An unsubstituted C1 to C30 alkoxy group indicates a group having a structure of —OA (wherein A is an unsubstituted C1 to C30 alkyl group as described above). Non-limiting examples of the unsubstituted C1 to C30 alkoxy group may include a methoxy group, an ethoxy group, a propoxy group, an isopropyloxy group, a butoxy group, and a pentoxy group.

An unsubstituted C6 to C30 aryl group indicates a carbocyclic aromatic system containing at least one ring. At least two rings may be fused to each other or linked to each other by a single bond. The term “aryl” refers to an aromatic system, such as phenyl, naphthyl, or anthracenyl. Examples of the unsubstituted C6 to C30 aryl group may include a phenyl group, a tolyl group, a biphenyl group, a naphthyl group, an anthracenyl group, a terphenyl group, a fluorenyl group, a phenanthrenyl group, a pyrenyl group, a diphenylanthracenyl group, a diphenylanthracenyl group, a dinaphthylanthracenyl group, a pentacenyl group, a bromophenyl group, a hydroxyphenyl group, a stilbene group, an azobenzenyl group, and a ferrocenyl group.

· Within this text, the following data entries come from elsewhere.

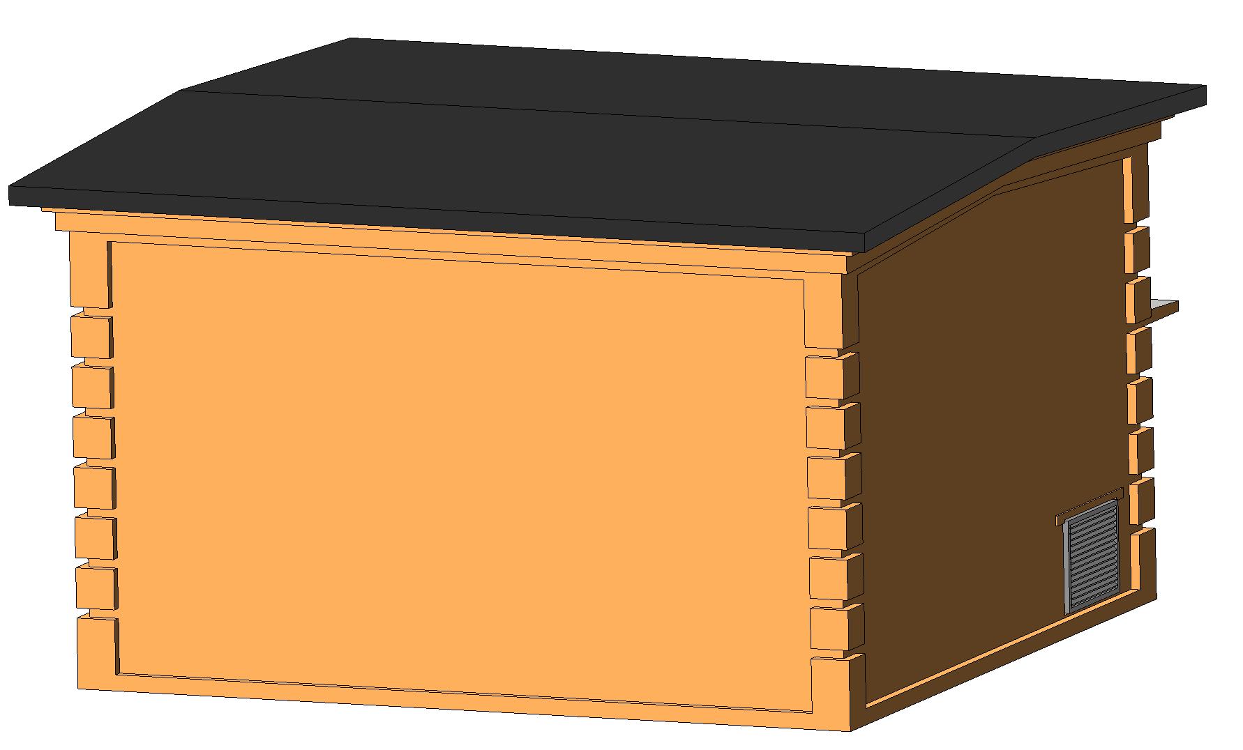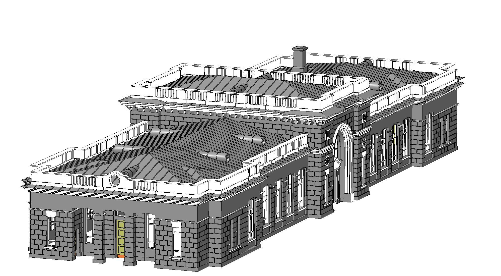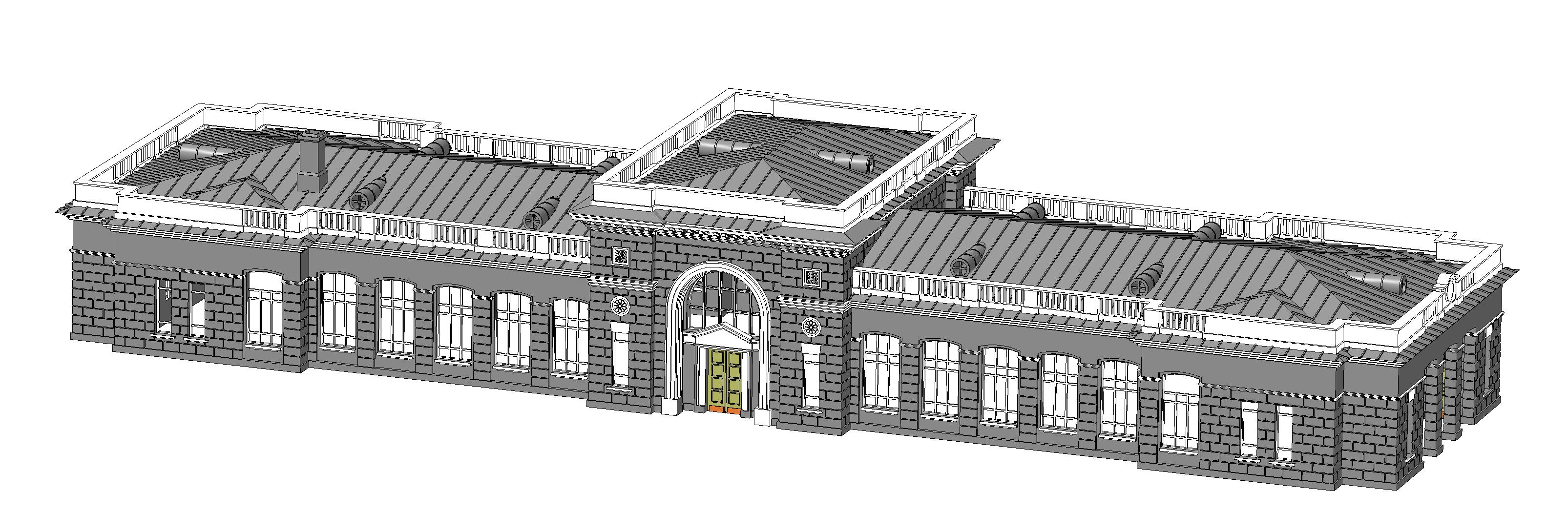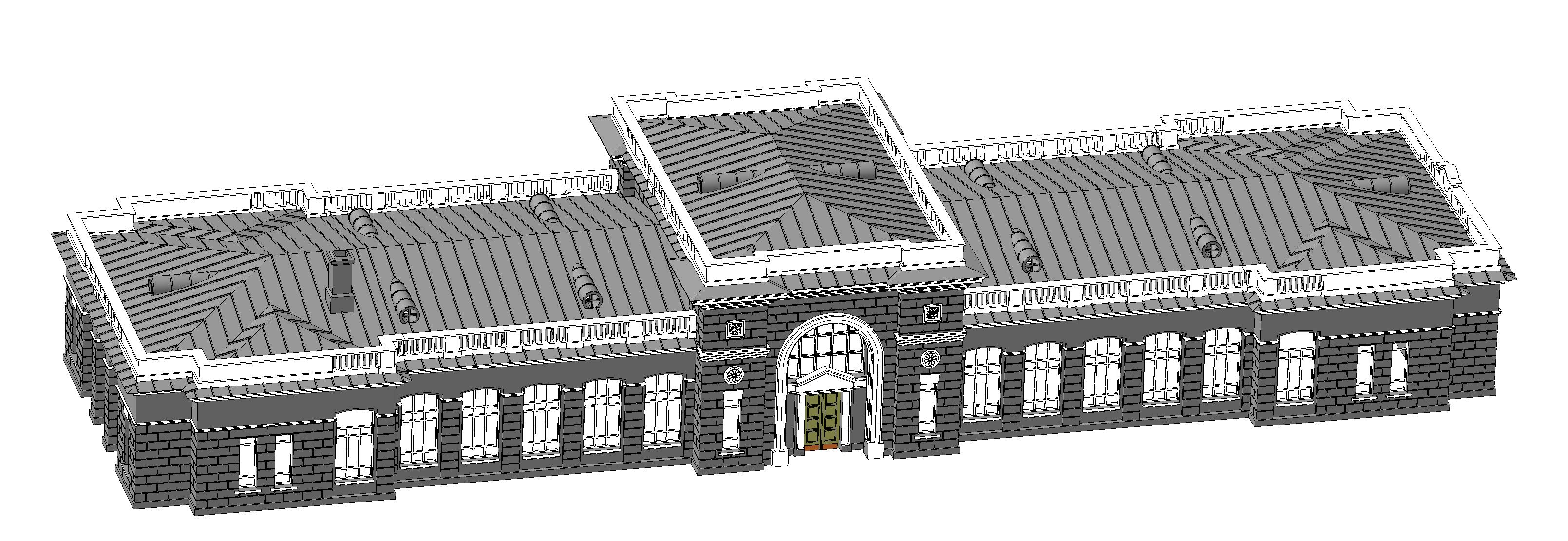Здание построено из ординарного или полуторного белого кирпича, перекрытие крыши гидроизолировано рубероидам. Двери и вентиляционные решетки выполнены из металла и покрыты нитроэмалью. Размеры:52,95ммХ49,70ммХ30,50мм.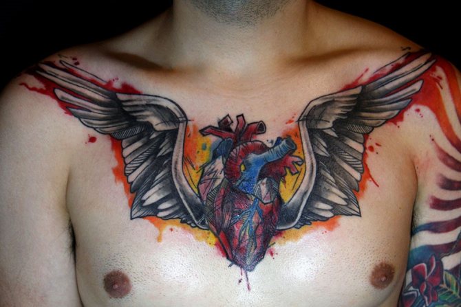 2Avec les ailes d'un ange. Des ailes peuvent pousser à partir du cœur, le contourner, voler vers le haut. En général, cette variante est préférée par les hommes, car elle prend beaucoup de place sur le corps. Le motif est placé sur la poitrine et le dos.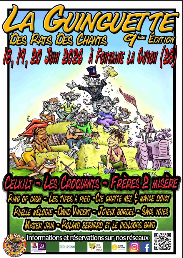 L’association « Les rats des chants » organise la 9ème édition de sa guinguette du jeudi 18 juin au samedi 20 juin 2026 dans le parc de la mairie de Fontaine-la-Guyon. Durant trois jours, des concerts, des spectacles et des représentations d’arts de rue sont proposés à des tarifs accessibles.

An unsubstituted C2 to C30 heteroaryl group includes one, two, or three heteroatoms selected from a group consisting of B, N, O, S, P, Si, and P(═O). At least two rings may be fused to each other or linked to each other by a single bond. Examples of the unsubstituted C2 to C30 heteroaryl group may include a pyrazolyl group, an imidazolyl group, an oxazolyl group, a thiazolyl group, a triazolyl group, a tetrazolyl group, an oxadiazolyl group, a thidiazolyl group, a pyridinyl group, a triazinyl group, a carbazole group, an N-phenylcarbazole group, an indole group, a quinolyl group, an isoquinolyl group, a thiophene group, a dibenzothiophene group, and a dibenzimidazole group.

Hereinafter, an organic light emitting element according to an exemplary embodiment will be described in further detail. FIG. 1 illustrates a cross-sectional view of an organic light emitting element according to an exemplary embodiment.

Referring to FIG. 1, the organic light emitting element according to the exemplary embodiment may include an anode 10, a cathode 20 facing the anode 10, an emission layer 60 between the anode 10 and the cathode 20, a hole transport layer 30 between the anode 10 and the emission layer 60, an electron transport layer 40 between the cathode 20 and the emission layer 60, and a hole blocking layer 50 between the electron transport layer 40 and the emission layer 60.

A substrate (not shown) may be provided on a side of the anode 10 or on a side of the cathode 20. The substrate may be made of, e.g., an inorganic material such as glass, an organic material such as a polycarbonate, polymethylmethacrylate, polyethylene terephthalate, polyethylene naphthalate, a polyamide, polyether sulfone, or a combination thereof, or of a silicon wafer.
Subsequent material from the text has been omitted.